Abbreviations: CCL, curved carapace length; GIT, gastrointestinal tract.
Body condition is based on NOAA (National Oceanic and Atmospheric Administration) and USGS (U.S. Geological Survey) qualitative determination of the degree of body fat, degree of muscle mass, and the amount of internal depot fat.

Map of geographic locations from which green turtles were collected prior to euthanization.
Tissue collection and DNA extraction
Whole GI tracts from two freshly euthanized turtles were extracted from the animals and immediately frozen at −20°C. Turtle 25338 was a 14.7 kg male with fibropapilloma (FP) tumors found at Hale‘iwa on the island of O‘ahu (whose GI tract was also sampled for microbial collection and culture described previously), and Turtle 25405 was a 13.8 kg female with no FP tumors found at Puakō on the island of Hawai‘i. Both turtles had macroalgae (mostly Rhodophyta) in the GI tract. The frozen GI tracts were transferred to a −80°C freezer.
DNA extractions were performed using the Qiagen DNA Stool Mini Kit following the manufacturer protocol (QIAGEN; Cat. no. 51504). Three sections of the GI tracts of each turtle were selected for this study: the cecum, the large intestine, and the rectum. Following extractions, the quantity and quality of each DNA eluate were ascertained using gel electrophoresis (Thermo Fisher) and spectrophotometry assay (NanoDrop ND-1000).
Microbiome amplification using 16S metagenomics methods
Each DNA sample, a positive DNA control, and a negative control were amplified through polymerase chain reaction (PCR) using the Ion 16S Metagenomics Kit (Life Technologies Corp.; Cat. no. A26212). Following PCR amplification, a solution of 70% ethanol and a 1.2× volume of Agencourt AMPure XP beads was prepared to purify the amplicons (Beckman Coulter Life Sciences; Cat. no. A63880). All purification steps involved in this protocol used a 70% solution of molecular-grade ethanol.

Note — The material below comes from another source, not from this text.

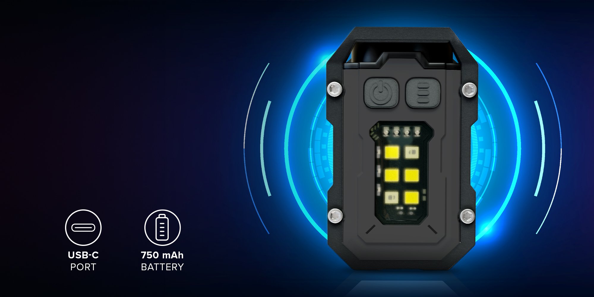 The two LED modules on top of the Newell EDC Nyks Solid flashlight can operate together or separately. In total, there are 4 different modes of operation to choose from:
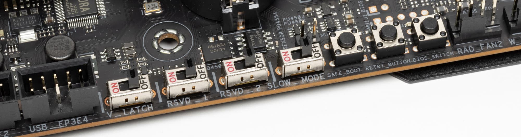 | Прочие внутренние элементы | 24-контактный разъем питания ATX 2 8-контактный разъем питания EPS12V 1 6-контактный разъем питания PCIe12V 1 слот M.2 (E-key), занят адаптером беспроводных сетей 1 разъем для подключения порта USB 3.2 Gen2x2 Type-C 1 разъем для подключения порта USB 3.2 Gen2 Type-C 2 разъема для подключения 4 портов USB 3.2 Gen1 2 разъема для подключения 4 портов USB 2.0 8 разъемов для подключения 4-контактных вентиляторов и помп ЖСО 1 разъем для подключения неадресуемой RGB-ленты 3 разъема для подключения адресуемой ARGB-ленты 1 разъем аудио для передней панели корпуса 1 разъем для сброса CMOS 1 кнопка OC Retry 1 кнопка Safe Boot 1 переключатель Slow Mode 1 переключатель V_Latch 1 разъем для термодатчикa 3 разъема подключения фирменных помп СВО Asus 2 разъема для подключения управления с передней панели корпуса 1 кнопка включения питания Power 1 кнопка перезагрузки Reset |

Determination of DNA input for library preparation and end repair
The 16S amplicons were enzymatically processed for adapter and barcode ligation using the Ion Plus Fragment Library Kit (Life Technologies Corp.; Cat. no. 4471252), and thereafter, purified with an ethanol solution and 1.4× volume of AMPure beads. Following purification, diluted (1:10) aliquots of each amplicon and the positive control were prepared and quantified on a Bioanalyzer 2100 instrument using a High-Sensitivity DNA Kit (Agilent Technologies; Cat. no 5067-4626). For each amplicon assayed, a smear analysis of its chromatogram was generated, including peaks ranging from 280 to 390 bp (base pairs), from which the total sample concentration was determined. The samples and the positive control were standardized to a concentration of 100 ng. Once standardized, amplicons were enzymatically blunt-ended and end-repaired to remove overhangs (Ion Plus Fragment Library Kit; Cat. No. 4471252). Following the end repair step, samples were purified using an ethanol solution and 1.2× volume of AMPure beads.

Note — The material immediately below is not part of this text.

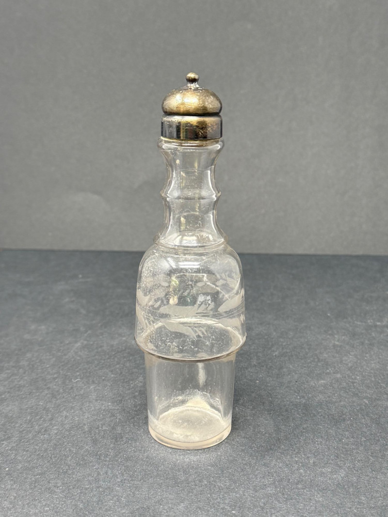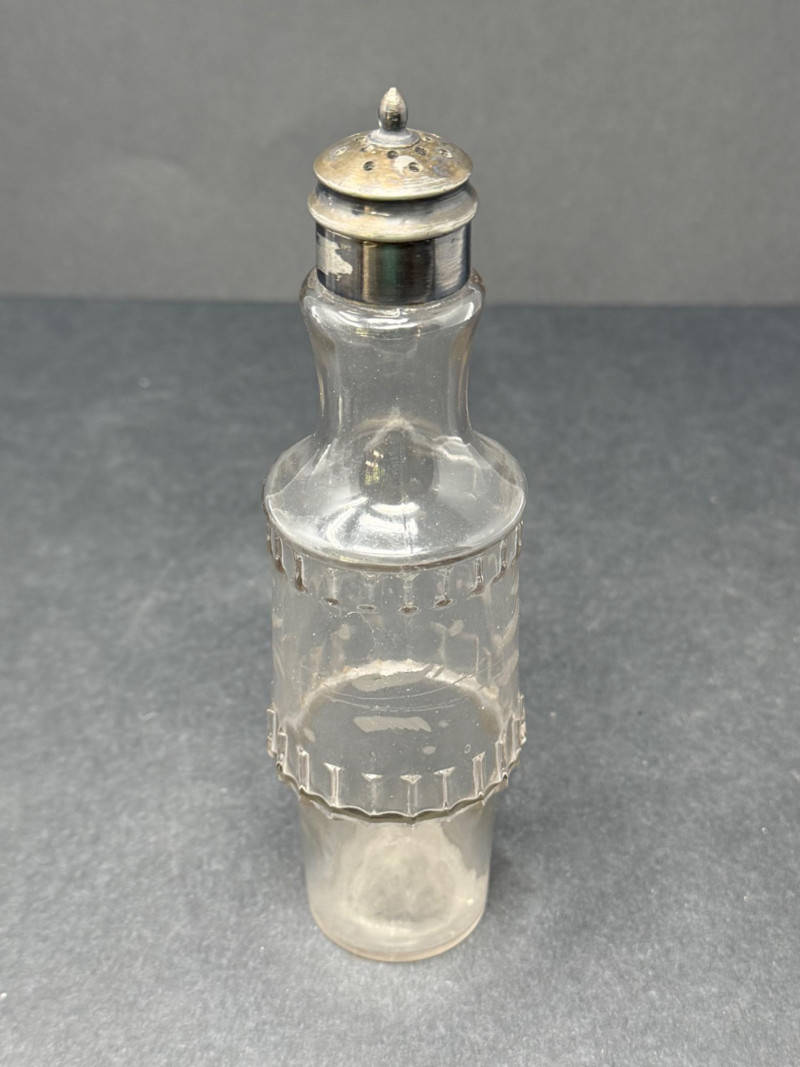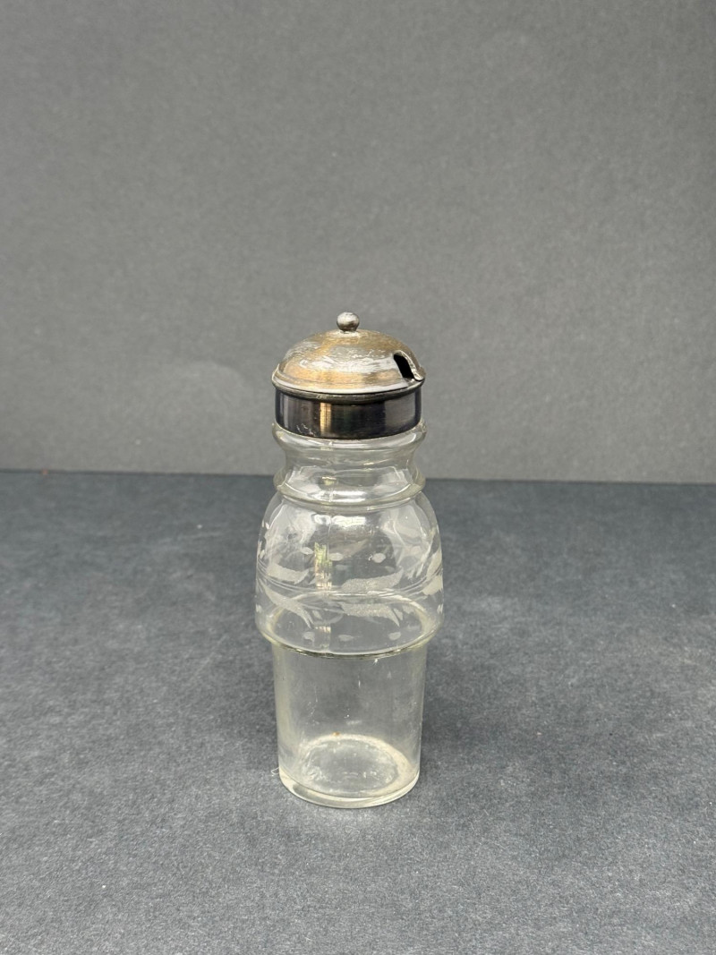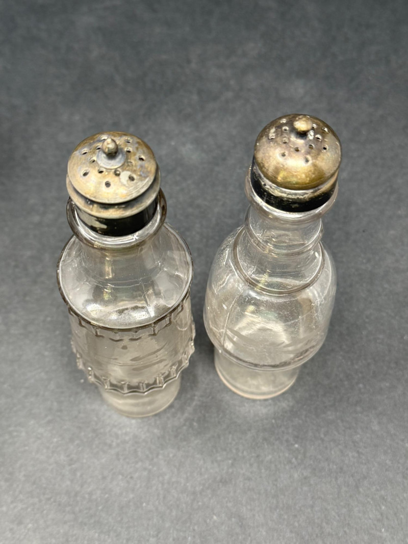 Lot # 158 - 1890s Antique Victorian Pewter Cruet Set – 5 Crystal Etched & Ridged

Ligation of adapters and barcodes and purification of adapter-ligated and nick-repaired DNA
Using the Ion Xpress Fragment Library Kit, six unique barcode adapters (Table 2) were ligated to the purified amplicons (Life Technologies Corp.; Cat. no. 4474009). Samples were prepared following manufacturer protocol, except for one minor modification, in which 1 µL of each adapter and barcode was used to avoid excess that forms dimers. Following ligation and nick repair, samples were purified using an ethanol solution and 1.4× volume of AMPure beads.

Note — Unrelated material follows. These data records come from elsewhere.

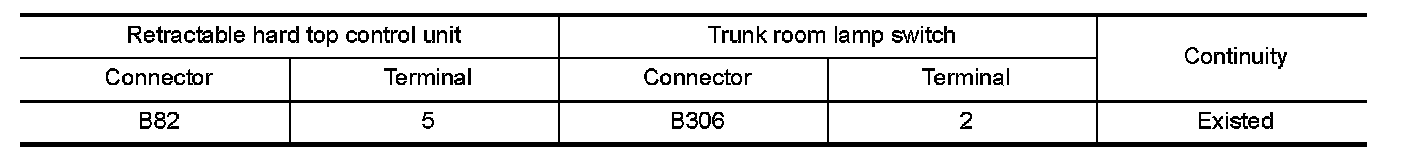 2.Check continuity between retractable hard top control unit harness connector and trunk room lamp switch harness connector.
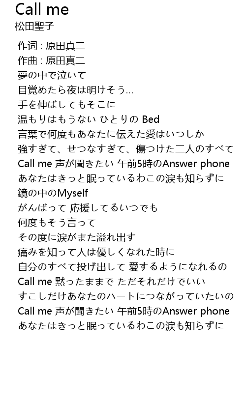 | [03:12.922] | Call me 声が聞きたい 午前5時のAnswer phone |
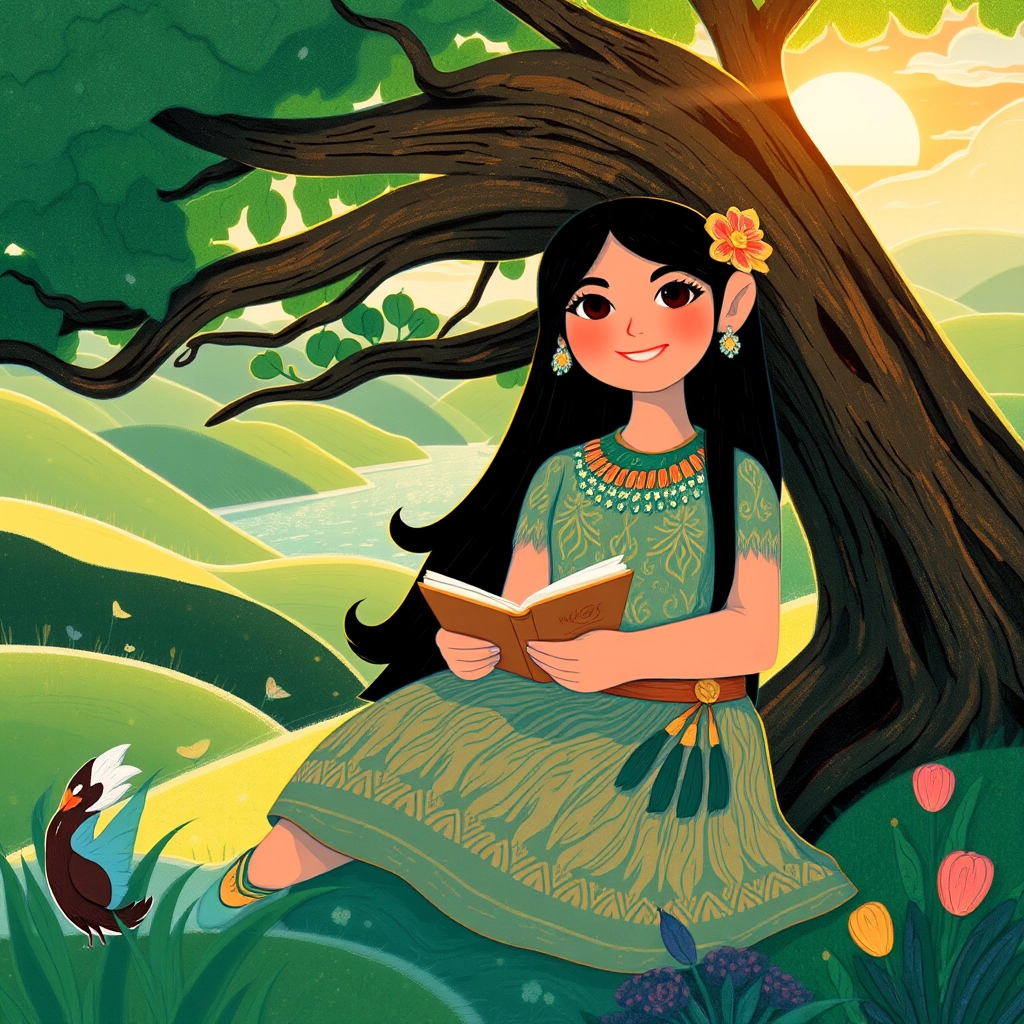 Long ago, in the beautiful lands of Aotearoa, there lived a cheerful and happy girl named Princess [Hinereikura Te Iriwaho Kararaina Riria Terere-Mihaere](T9H4B3LM). She loved to dance, sing, and read under the wide, open sky.
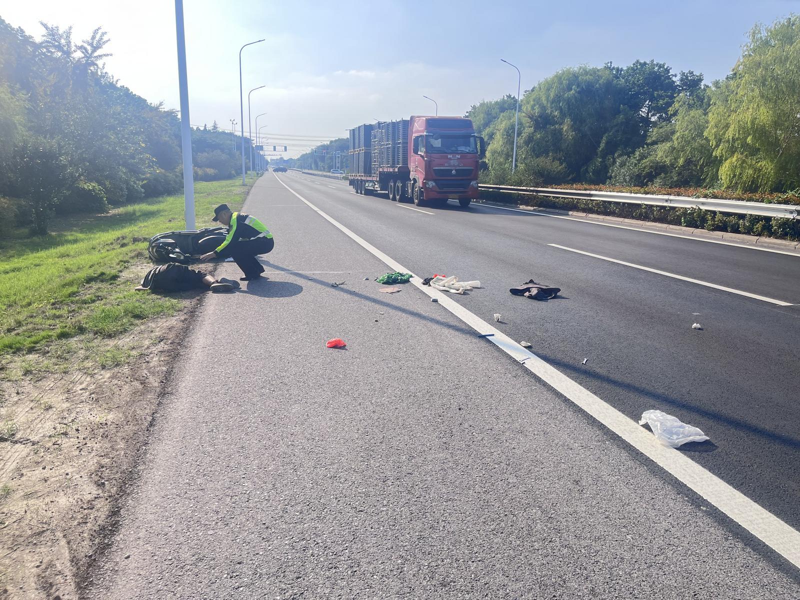 10日下午,南通市交通运输综合行政执法支队海安大队流动治超中队队长孙海晋带领队员,按照既定执法计划执行日常巡逻任务。行至328国道某车流密集路段时,他突然发现前方路边有异常——一名男子身体扭曲俯卧在路边,骑行的电动车和随身的背包、水杯等物品散落车道。
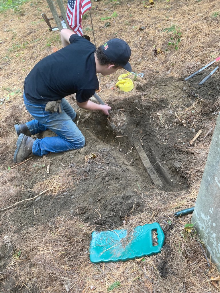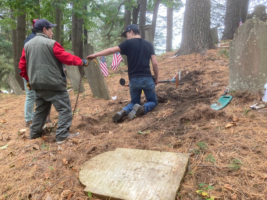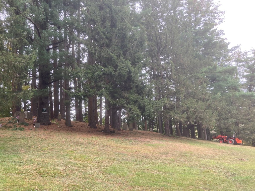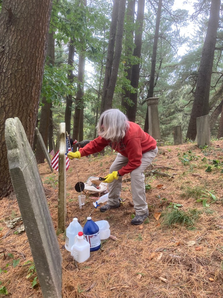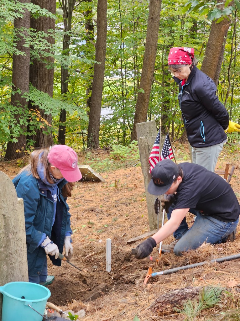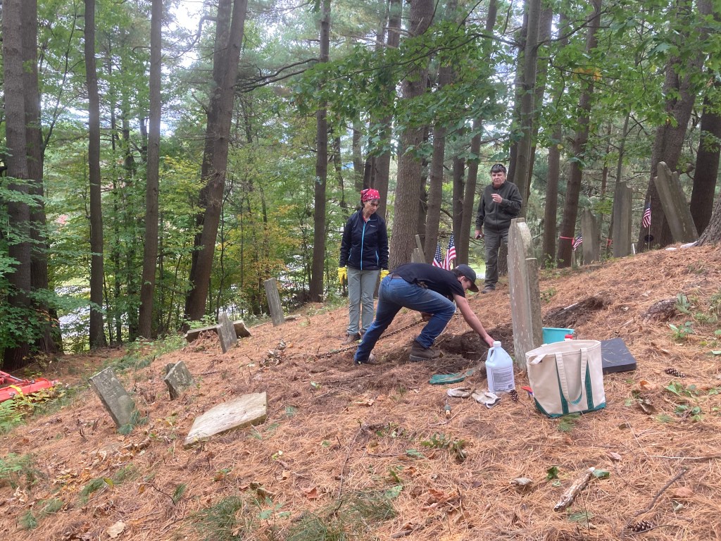 below: October 2023: DAR Day of Service at Cypress Hill Cemetery in New Lebanon; Hudson River School artist Laura Seymour’s descendant Lili Ott tours the chapter house with vice regent and regent; Frederic Church’s great-great granddaughter, a chapter member, presents the chapter a gift of her painting of the pond at Olana.
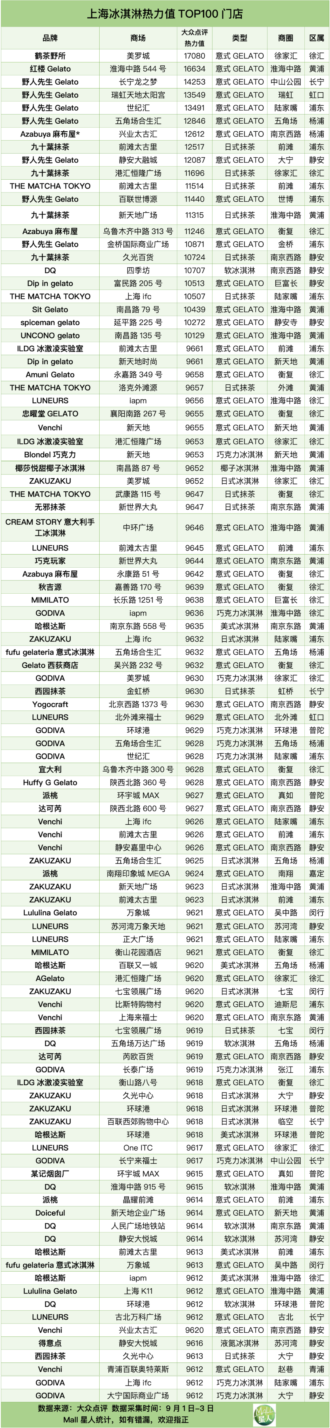 上海冰淇淋熱力值TOP100門店全名單

Barcode sequences from Ion Xpress Kit #17-32 (Life Technologies).
PCR amplification and bioanalyzer assay
Subsequent to ligation and nick repair, amplicons were further PCR amplified for seven cycles according to manufacturer protocol. Following amplification, samples were cleaned up with an ethanol solution and 1.0× volume of AMPure beads. Samples were diluted (1:1) and assayed on a Bioanalyzer 2100 on a high-sensitivity DNA chip. Each amplicon was smear-analyzed, including chromatogram peaks ranging from 230 to 400 bp to determine their combined concentration. Amplicons were adjusted to a molarity of 501.0 pmol/L, which reflected the lowest concentration of any sample at that point.
Quantitative PCR and determination of library concentration
As accurate determination of 16S library molecules is essential for the efficient use of next-generation sequencing platforms, amplicons were quantified using a KAPA library quantification assay designed for Ion Torrent platforms (KAPA Biosystems Inc.; Cat. no. KK4838), and the quantitative PCR (qPCR) assay was performed using a StepOne Plus instrument (Life Technologies Corp.; Cat. no. 4376600). Once each sample concentration was accurately determined by the qPCR assay results, samples were diluted accordingly, and dilutions were pulled together to form the final library to be sequenced.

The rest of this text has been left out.